Weegee obsessively photographs murders in the seamier streets of the city. He’s often there before the police and notoriously rearranges bodies to get a better shot. He knew the police. He knew the underworld and the prostitutes. Much of Weegee’s time is spent on the Lower East Side, where he has a marriage-like friendship with Rita a cafe owner, and has sex with Irma a local prostitute. But despite his notoriety, and the fact that the newspapers are buying his photos, he wants to be accepted in the art world and Hollywood, and he gets to try both. Just as in Bastard, the main character is unsympathetic , but Radiguès surprises and make him endearing. Check this book out. Check out the original photos. Weegee is also the inspiration for characters in films such as A Public Eye, Nightcrawler and Watchmen. And it’s Fellig photo which is the cover and inspiration for the name of Naked City’s (the John Zorn group) first album.
A young woman is buying tacos and Mark approaches her and says, “April, it’s me.” She replies, “You’re mistaken. Sorry…Have a good day.” Back at the motel her son, Eugene, is watching TV. “We’ve got to move,” she says. Eugene takes the bags to the car, and we realize that they are on the run. “April” (her real name is May) is a member of a gang who committed 52 simultaneous robberies in the same day in Prescott.
What’s so impressive about this book is that May is a murderer, who has double-crossed her gang and has implicated her son in her crimes, and she is loyal, an adoring mother, and someone who wants more for her son than she had. She gets more. He knows how to rescue her when some of the gang almost catch them. The two are rescued by a former banker who is now a truck driver, and they spend time with him in New Mexico, before May goes back to “sort out” the gang. There’s a twist near the end that makes the sympathetic drawings, and the loving relationship turn into a touching story.
There’s energy in the storytelling and the drawing. We are pulled along and cheer for May and Eugene to come through despite all they do. In the end we understand. Give it a go.
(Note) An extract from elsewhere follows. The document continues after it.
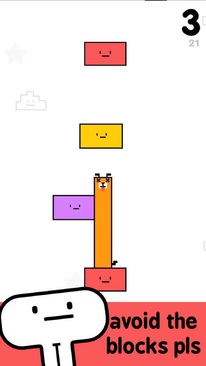 一款画面简约的跳跃闯关类手机游戏,多样性的玩法挑战,解锁各种各样可爱的小动物准备开始冒险,丰富的场景解锁,玩家需要控制超可爱的小动物踏上冒险的旅程,轻松的闯关历险,这是一个依靠脖子去跳跃的游戏。

A Graphic Novel by Irene N. Watts and Kathryn E Shoemaker
Black and white images softly drawn. Shaded background. Any white is the word balloons, letters or aprons. Marianne arrives in London on the Kindertransport and is taken in by Mrs. and Mr. Abercrombie-Jones who were looking for an older child to be a second domestic in their home. They insist on calling her Mary Anne, and yet correct her when she mispronounces their names. They do send her to school where she makes friends. The painfulness of British anti-Semitism from schoolmates, caretakers, teachers and neighbours is scratched into the background of the narrative like the hatching in each frame. Marianne does make good friends in school who move on as she does when the London schools are evacuated–she goes to Wales where a couple hope that Mairi will replace their daughter who recently died. While the prejudices are not absent in Wales, the kindly Mr. Evans, guides Marianne through Llanelli. The end is too easy, but hopeful.
Daniel Raeburn: “I snicker at the neologism first for its insecure pretension—the literary equivalent of calling a garbage man a ‘sanitation engineer’—and second because a ‘graphic novel’ is in fact the very thing it is ashamed to admit: a comic book, rather than a comic pamphlet or comic magazine.”
I have discovered so many extraordinary novels, memoirs and non-fiction books that use cartooning to tell the story. My problem with the term “graphic novel” is not that it is pretentious–I suppose it is, but it describes what I am looking for–nor is it that it is a marketing term–all names for products that are sold are marketing terms: comics just as much as graphic novels. IT’s that not all graphic novels are novels. There is not a good term for the non-fiction, full length comics. Maybe it’s just “graphic non-fiction,” and in the end, graphic novels will be shelved with novels and non-ficiton shelved with its subjects. Graphic novels are another way of communicating, where a great deal of innovation is happening in how stories are told.
Originally published in 1998, Sleepwalk and Other Stories collects the sixteen earliest stories from the Optic Nerve comic series. Tomine won a Harvey Award for Best New Talent for this book.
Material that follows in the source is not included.